__Source data__:

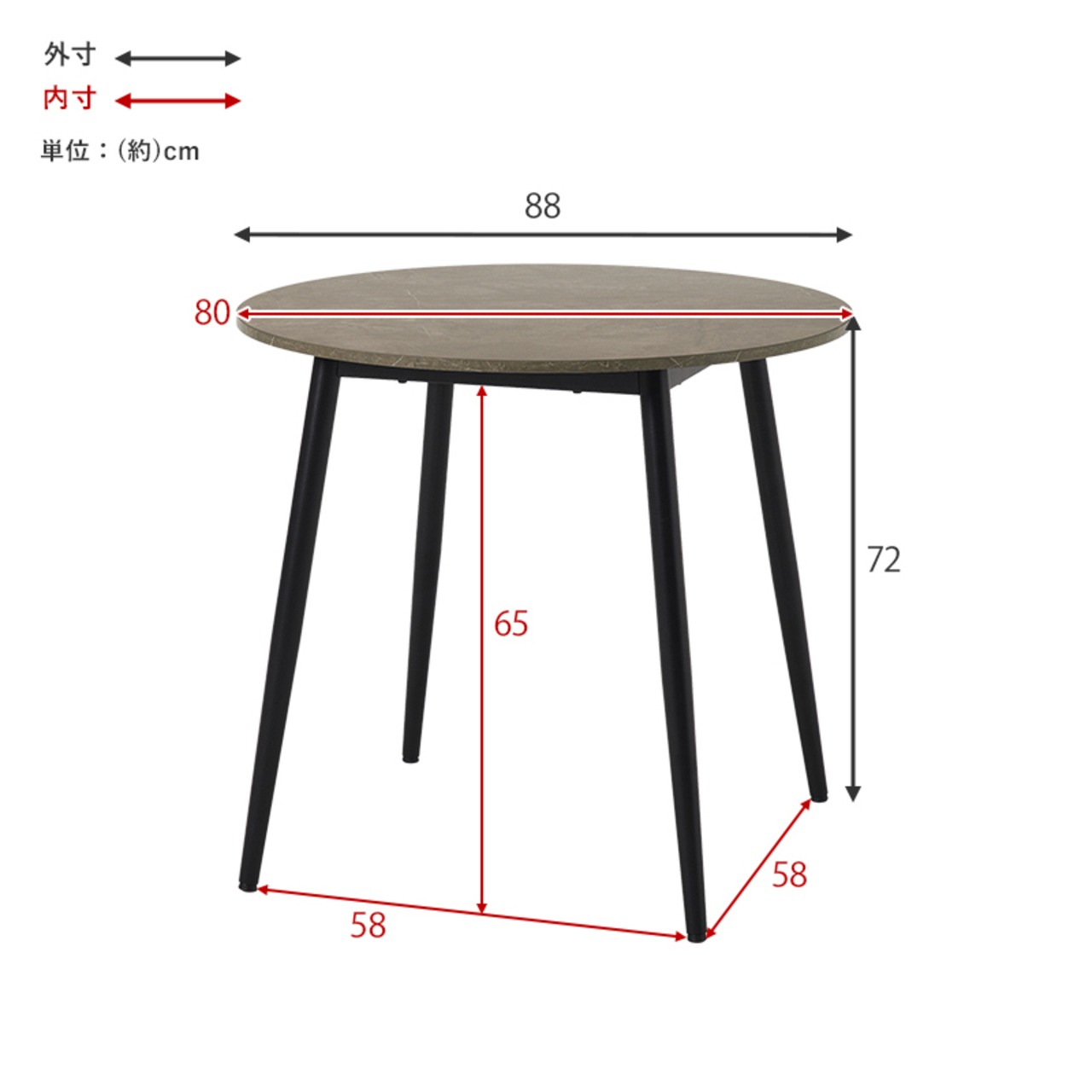 (約)幅88×奥行88×高さ72cm、天板直径:(約)80cm
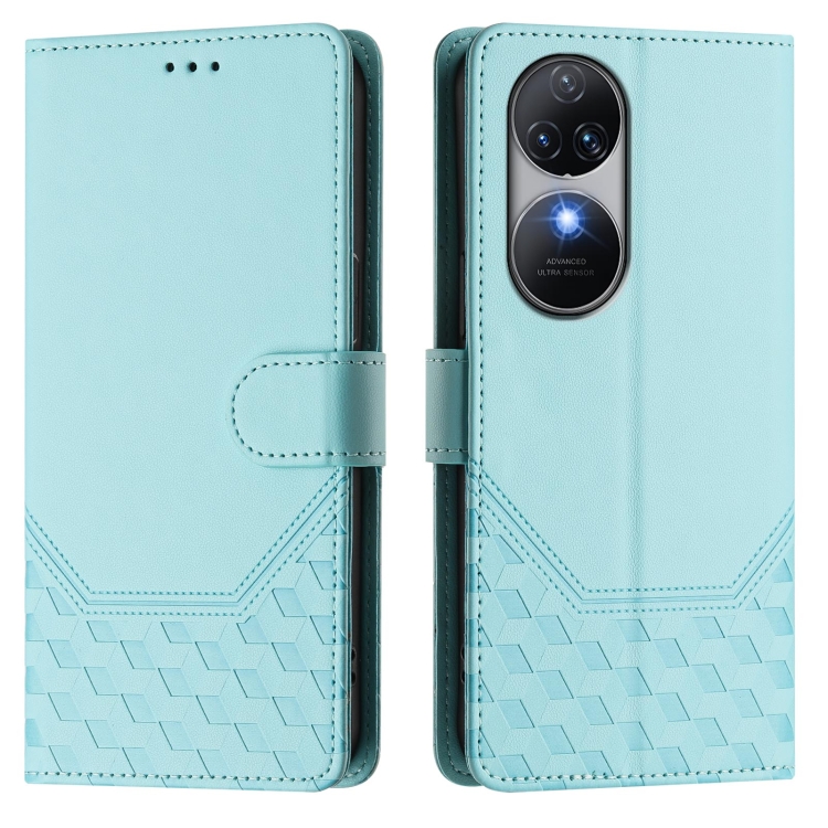 Funda de Cuero Rfid con Relieve en Panal para Oukitel C38 (Verde Menta)
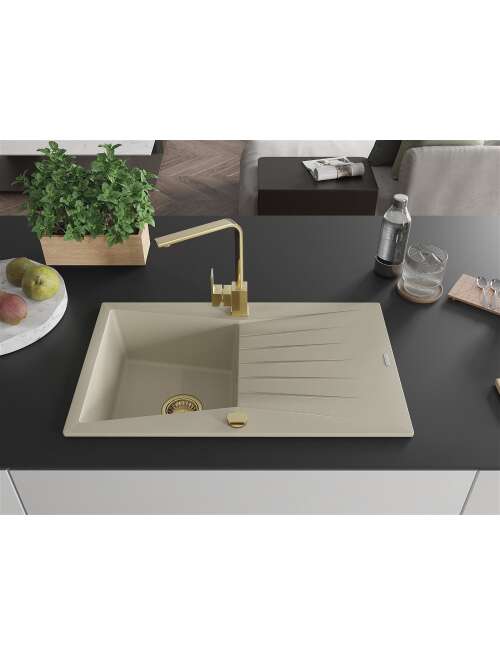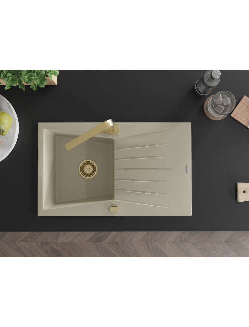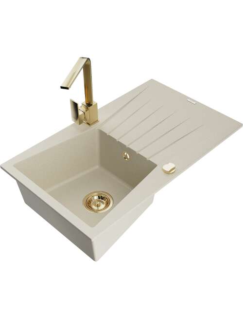 Dane techniczne: Zlewozmywak: Rozmiar: 775x470x200 mm Głębokość komory: 180 mm Wymiary komory: 410x355 mm Średnica odpływu: ø90 mm Typ: 1-komorowy z ociekaczem Rodzaj: Wpuszczany w blat Kolor: Beżowy Wykończenie syfonu: Złoty Materiał: Granit (80% kruszywo granitowe 20% żywice) Otwór przelewowy: Tak Otwory: ( bateria, automat ) 2 Montaż: Uniwersalny, możliwość montażu z ociekaczem po lewej lub prawej stronie Wysoka odporność na zarysowania i przebarwienia Odporność na szok termiczny Powierzchnia ułatwiająca czyszczenie Bateria kuchenna: Materiał: Mosiądz Kolor: Złoty Głowica: Ceramiczna Perlator: Tak Typ: Jednouchwytowa Wysokość baterii: 290 mm Zasięg wylewki: 220 mm |

__Try it__: Copy out the material above in full and exactly, but with no pictures.

__Answer for this exercise__:
 (約)幅88×奥行88×高さ72cm、天板直径:(約)80cm
 Funda de Cuero Rfid con Relieve en Panal para Oukitel C38 (Verde Menta)
 Dane techniczne: Zlewozmywak: Rozmiar: 775x470x200 mm Głębokość komory: 180 mm Wymiary komory: 410x355 mm Średnica odpływu: ø90 mm Typ: 1-komorowy z ociekaczem Rodzaj: Wpuszczany w blat Kolor: Beżowy Wykończenie syfonu: Złoty Materiał: Granit (80% kruszywo granitowe 20% żywice) Otwór przelewowy: Tak Otwory: ( bateria, automat ) 2 Montaż: Uniwersalny, możliwość montażu z ociekaczem po lewej lub prawej stronie Wysoka odporność na zarysowania i przebarwienia Odporność na szok termiczny Powierzchnia ułatwiająca czyszczenie Bateria kuchenna: Materiał: Mosiądz Kolor: Złoty Głowica: Ceramiczna Perlator: Tak Typ: Jednouchwytowa Wysokość baterii: 290 mm Zasięg wylewki: 220 mm |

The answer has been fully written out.